The Compton effect, sometimes called Compton scattering, occurs when an x ray collides with an electron. In 1923, Arthur H. Compton (1892–1962) did experiments bouncing x rays off the electrons in graphite atoms. Compton found the x rays that scattered off the electrons had a lower frequency (and longer wavelength) than they had before striking the electrons. The amount the frequency changes depends on the scattering angle, the angle that the x ray is deflected from its original path.
Imagine playing pool. Only the cue ball and 8 ball are left on the table. When the cueball strikes the 8 ball, which was initially at rest, the cue ball is scattered at some angle. It also loses some of its momentum and kinetic energy to the 8 ball as the 8 ball begins to move. The x-ray photon scattering off an electron behaves similarly. The x ray loses energy and momentum to the electron as the electron begins to move. The energy and frequency of light and other electromagnetic radiation are related so that a lower frequency x-ray photon has a lower energy. The frequency of the x ray decreases as it loses energy to the electron.
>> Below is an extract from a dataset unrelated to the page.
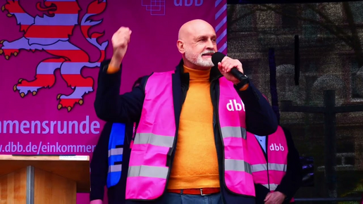 Die Beschäftigten fordern 10,5 Prozent mehr Bezahlung, mindestens aber 500 Euro mehr. Volker Geyer, dbb Tarifchef und Verhandlungsführer, erklärte auf der Kundgebung in Wiesbaden am 13. März 2024 den aktuellen Stand der Verhandlungen: „Wir mussten uns in den vergangenen Gesprächen wieder und wieder die gleichen abgenutzten Argumente anhören – nämlich, dass die Kassen leer seien und man sparen müsse.“ Im öffentlichen Dienst zu sparen bedeute aber entweder, die Leistungen, die die Bürgerinnen und Bürger erwarten und auf sie vertrauen, zu drosseln, oder eben die Beschäftigten schlechter zu bezahlen. Geyer machte deutlich: „Ein starker öffentlicher Dienst, der mit den aktuellen Herausforderungen mithalten soll, verdient auch eine Bezahlung, die mit den aktuellen Herausforderungen mithält. Die Arbeitgeber dürfen den öffentlichen Dienst nicht weiter kaputtsparen. Stattdessen sollten sie die Attraktivität des öffentlichen Dienstes sowohl für bestehende Arbeitskräfte als auch für Interessierte steigern. Und das geht eben nur mit einer besseren Bezahlung“. Das Land Hessen habe in den vergangenen Gesprächen bereits erste Bewegungen in Richtung der Beschäftigten gemacht. „Diese kleinen Schritte reichen uns jedoch nicht“, betonte Geyer, „wir erwarten, dass uns die Arbeitgeberseite in der dritten Verhandlungsrunde ein verhandlungsfähiges Angebot vorlegt.“ Die dritte und entscheidende Runde findet am 14. und 15. März in Bad Homburg statt.

In 1905, Albert Einstein (1879–1955) explained the photoelectric effect, the effect that causes solar cells to produce electricity, by assuming that light can occur in discrete particles called photons. This photon model for light still needed further experimental confirmation. Compton’s x ray scattering experiments provided additional evidence that light does exhibit particle like behavior. Compton received the 1927 Nobel Prize in physics for his work. Thousands of experiments have since shown that light can exhibit both wave and particle behavior, a property called wave-particle duality.